> What is needed
Once you find the line containing "Anodes in this" in the data below, copy it and each following line exactly, up to and including the line containing "Тюльпаны красные - 35", and nothing else.

> Information provided
┌──

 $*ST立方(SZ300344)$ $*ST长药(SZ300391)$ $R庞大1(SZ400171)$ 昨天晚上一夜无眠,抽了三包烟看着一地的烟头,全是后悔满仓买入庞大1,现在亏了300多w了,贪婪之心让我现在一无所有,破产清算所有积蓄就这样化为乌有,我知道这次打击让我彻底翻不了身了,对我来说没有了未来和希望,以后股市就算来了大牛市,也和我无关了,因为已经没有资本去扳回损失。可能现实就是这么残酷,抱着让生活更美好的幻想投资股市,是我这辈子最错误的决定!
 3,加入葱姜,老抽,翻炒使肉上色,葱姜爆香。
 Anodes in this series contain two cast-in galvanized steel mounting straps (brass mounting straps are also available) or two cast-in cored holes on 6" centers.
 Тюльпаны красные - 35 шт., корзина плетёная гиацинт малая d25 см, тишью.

└──
┌──

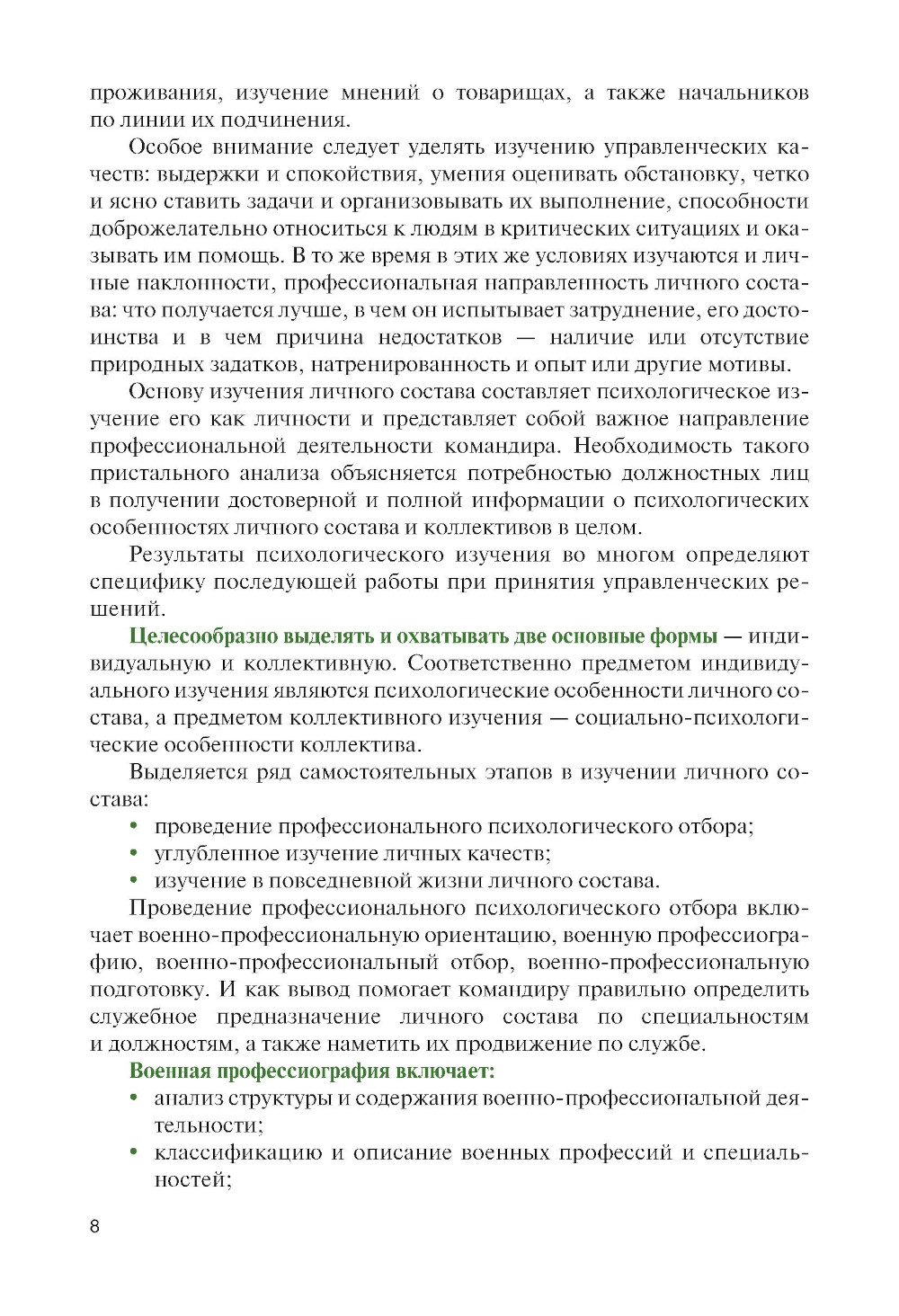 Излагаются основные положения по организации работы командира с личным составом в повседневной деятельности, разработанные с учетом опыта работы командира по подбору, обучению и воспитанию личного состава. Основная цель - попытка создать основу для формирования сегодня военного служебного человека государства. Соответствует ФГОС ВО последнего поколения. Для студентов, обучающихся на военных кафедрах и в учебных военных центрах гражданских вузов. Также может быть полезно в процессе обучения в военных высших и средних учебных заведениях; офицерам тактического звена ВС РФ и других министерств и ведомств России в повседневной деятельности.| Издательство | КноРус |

└──

> Task response
 Anodes in this series contain two cast-in galvanized steel mounting straps (brass mounting straps are also available) or two cast-in cored holes on 6" centers.
 Тюльпаны красные - 35 шт., корзина плетёная гиацинт малая d25 см, тишью.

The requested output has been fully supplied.